Coffee is a way of life.

Legend says that in the eighth century AD, an Ethiopian goatherd, Kaldi, discovered coffee. 

coffeeGoats tried a red berry which grew on the hillside. The animals became friskier and their owners noticed it and tried the berries too. Also the monks from that area tried them and they prayed that night with more energy than ever. Soon Africans made bars out of this bean. They also made wine and it was very popular.

In the tenth century coffee moved from the African continent to Arabia and for many centuries the white man couldn’t get it.

In less than three hundred years, coffee became an important part of the Arabian culture. Where Islam travelled, coffee went too and reached places like India, North Africa and the Eastern Mediterranean.

By 1600 AD, it was present in most palaces of the eastern world. But it was a secret how to make it into a brew. The bean was usually boiled so that it could not have been spread to other cultures and countries.
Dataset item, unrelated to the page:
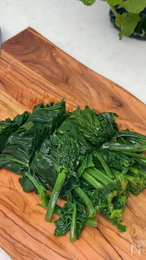 (1) ほうれん草の根元を湯に30秒入れて、その後全体を入れて更に30秒茹でる。冷水にとり、絞って3cmほどの長さに切る。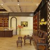 PenViet dành riêng một góc nhỏ đặt bàn ghế tiếp đón khách hàng đến mua sắm tại tiệm đá quý phong thủy Thành Vinh. Bàn ghế làm từ chất liệu gỗ với các đường họa tiết trang trí cách điệu rất ấn tượng.

An Indian pilgrim, Baba Budan, brought beans that could be planted to Mecca around 1615. So it spread from Asia to plantations all over the world.

The Dutch were the first to grow a coffee plant in European soil. It made them the first coffee businessmen.

In 1714, Louis XIV received a coffee plant for the royal Botanical Garden in Paris. Several years later, a young naval officer, Gabriel Mathieu de Clieu, wanted a clipping of the plant but was denied. However, he stole what he wanted and took it with him to Martinique and he planted it. From there, coffee spread all over Latin America.